By Elon Glucklich

The Bulletin

First it was a demolition that shocked and outraged much of Bend.

Then it was a grandiose plan for condos, shops, offices and restaurants.

The former Brooks-Scanlon crane shed site on Southwest Industrial Way is an open field today, same as it’s been for nearly 10 years.

But its next act could be as a Marriott hotel. A Montana real estate firm specializing in hotel construction submitted planning documents to the city of Bend in October, detailing plans to build a four-story, 90-room Marriott SpringHill Suites hotel on the crane shed property, just north of the Old Mill District.

Those plans are far from certain, however. Officials with the Montana company, Braxton Development, met with the city in November to discuss the plan. But they haven’t followed up with a formal application, according to Bend Senior Planner Aaron Henson.

Still, he said, the developers have stayed in contact.

“I wouldn’t say we haven’t heard anything from them,” Henson said Monday. “I think they’re still proceeding with their due diligence.”

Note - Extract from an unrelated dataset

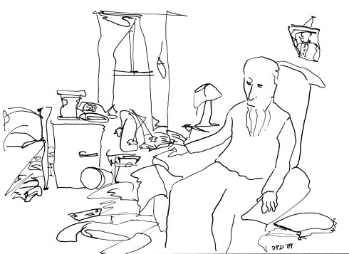 Untitled from Lives of the Obscure, 2009. Pen-and-ink on Bristol paper, 12 x 9 in. Collection of Gilbert Chan.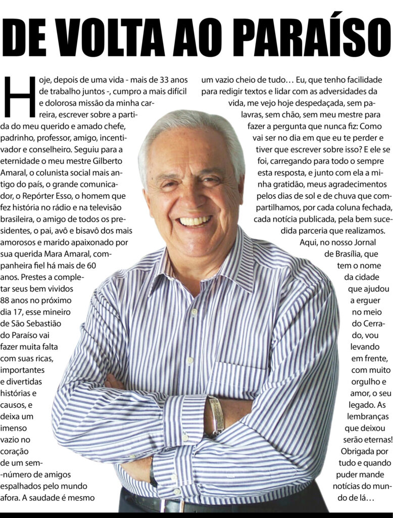 Hoje, depois de uma vida cumpro a mais difícil e dolorosa missão da minha carreira, escrever sobre a partida do meu querido e amado chefe

Braxton Development officials didn’t return messages seeking comment Monday. The company’s director of development told The Bulletin in November they planned to move forward, but hadn’t received formal approval from Marriott.

A hotel would end a decade of turmoil on the four-acre property, which may tell the story of Bend’s real estate boom and bust as well as any other piece of land in the city.

The Brooks-Scanlon Lumber Company built the 70-foot-high crane shed in the late 1930s as a storage facility for its lumber.

The company closed in 1994 as the timber industry declined, but the crane shed remained as a local historic landmark — for another decade, anyway.

A group of local investors bought the property for $2.8 million in 2003, hoping to knock it down and build a mixed-use retail building in its place.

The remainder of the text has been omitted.